Pro-inflammatory physiological changes in SAMR1 and SAMP8 cultures were evaluated by the levels of nitric oxide and cytokine release. The results are shown in Figure 2B. Mixed glial cultures increased nitric oxide generation following treatment with LPS + IFN, as determined by nitrite accumulation in the culture media. This response was higher in SAMP8 cultures than SAMR1 cultures [two-way ANOVA, main effect of treatment: F(1,74) = 89.93, p < 0.0001; main effect of strain: F(1,74) = 3.992, p = 0.0494; effect of strain × treatment interaction: F(1,74) = 6.255, p = 0.0146]. SAMP8 pure microglia cultures also showed higher nitric oxide generation than SAMR1 microglia, although the effect of treatment or strain × treatment interaction did not reach significance [two-way ANOVA, main effect of strain: F(1,75) = 12.61, p = 0.0007]. However, there was a tendency for a difference between nitric oxide levels after LPS + IFN injury in SAMR1 and SAMP8 microglia that was significant by a direct Student’s t–test comparison (not indicated in the figure) [t(44) = 2.706, p = 0.010].

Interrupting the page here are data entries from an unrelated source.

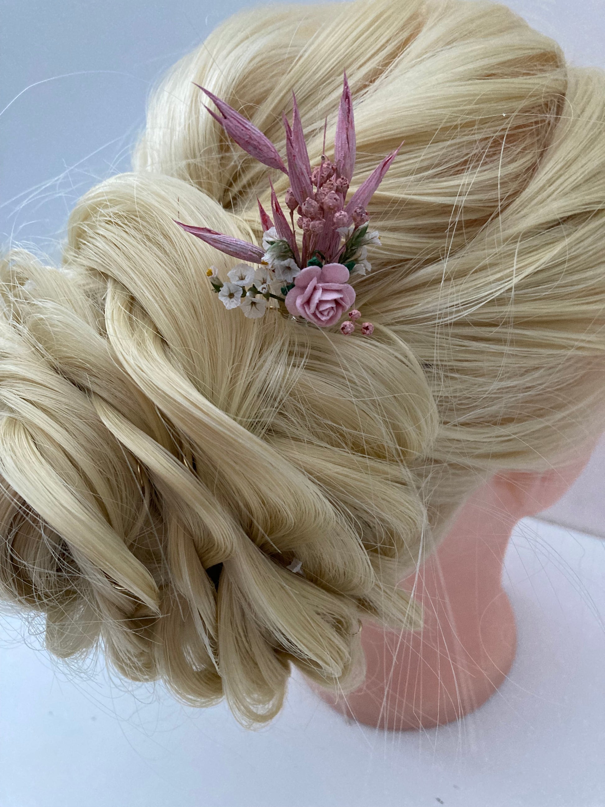 These little pins are handmade using pink oats, pink broom bloom, white limonium and pink paper flowers, all attached with silver wire to a long silver hair pin.
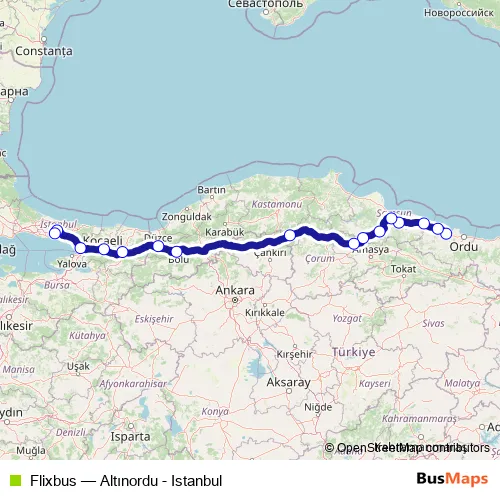 The first stop of the Flixbus bus route is Fatsa Otogar and the last stop is Istanbul Central Bus Station. Flixbus (Altınordu - Istanbul) is operational during everyday.
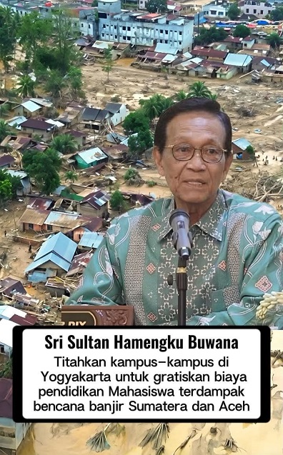 Merespons krisis, Gubernur DIY Sri Sultan HB X “turun gunung”. “Jangan ada mahasiswa putus kuliah,” titahnya, meminta kampus segera mendata korban terdampak banjir besar nasional.
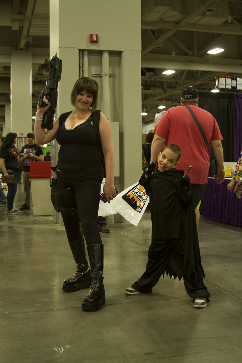 Aeyn Sun dresses as Farscape: Peacekeeper while her son, Robert Sun, dresses as A Death Ear (Robert said he wanted to be evil) for FanX 2014 in Salt Lake City. (Jimmie Breedlove)
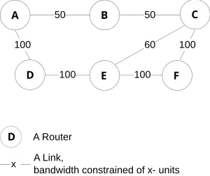 Uvažujme síť vpravo, v které má být spočítána cesta z routeru A na router C splňující omezení na šířka pásma, a kde cena každého spoje je rovna počtu hopů (tj. 1).
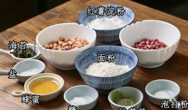 红薯淀粉60g/面粉60g/泡打粉0.5g盐3g/糖3g/水40g/蜂蜜25g抹茶粉3g/海苔碎10g
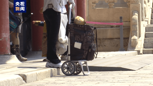 故宫博物院故宫世界遗产监测部高级工程师齐飞介绍,从遗产保护的角度上来看一切可能影响遗产安全的风险都需要在保护管理的过程中加以防范,其中对于风险源头的控制是防范的重要手段。比如说,御花园的石子路面,是传统油灰嵌石子的做法,一些大的行李箱或者是行李车的轮子碾压在上面会将小石子挤压松脱就造成地面图案的不完整或缺失,还比如一些超长或者超大的设备或用具在通过墙门过道的时候,它就非常容易剐蹭到墙体或者琉璃件,这样就会造成构件的脱落或者残缺,因此这些设备都是禁止携带的。
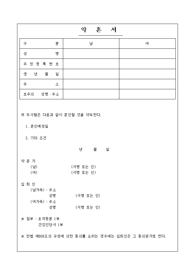 9,000원/월약혼을 문서화 해 놓은 서식입니다. ※ 민법 제808조의 규정에 의한 동의를 요하는 경우에는 입회인은 그 동의권자로 합니다.
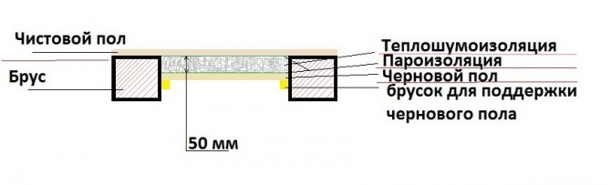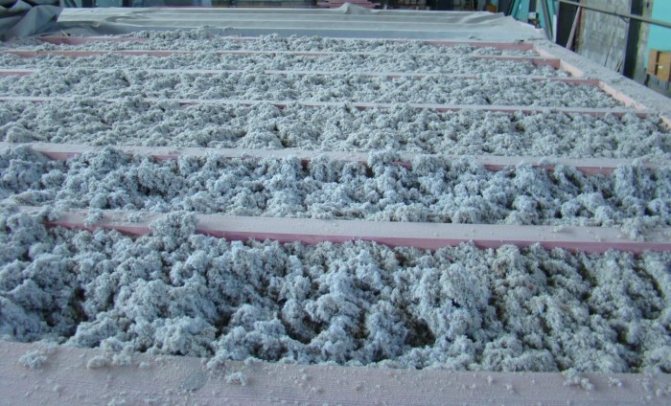 Depois de colocar as vigas, um isolador de calor é colocado. É preferível usar isolamento de celulose, mas você também pode escolher poliestireno expandido. A camada de isolamento térmico acabada é revestida com novas placas e, em seguida, o piso é colocado.

As a whole, glial cell cultures obtained from newborn brain of SAMP8 mice showed higher responsiveness to a pro-inflammatory LPS + IFN injury than those of SAMR1 mice. This effect was primarily driven by microglia, as demonstrated by nitric oxide generation in control and stimulated conditions in pure microglia cultures. Furthermore, the morphological analysis confirmed a state of basal activation, as shown by a higher number of cells with globular morphology, and a hyperreactivity to LPS + IFN, as shown by an increase in the total number and in the percentage of activated SAMP8 microglia.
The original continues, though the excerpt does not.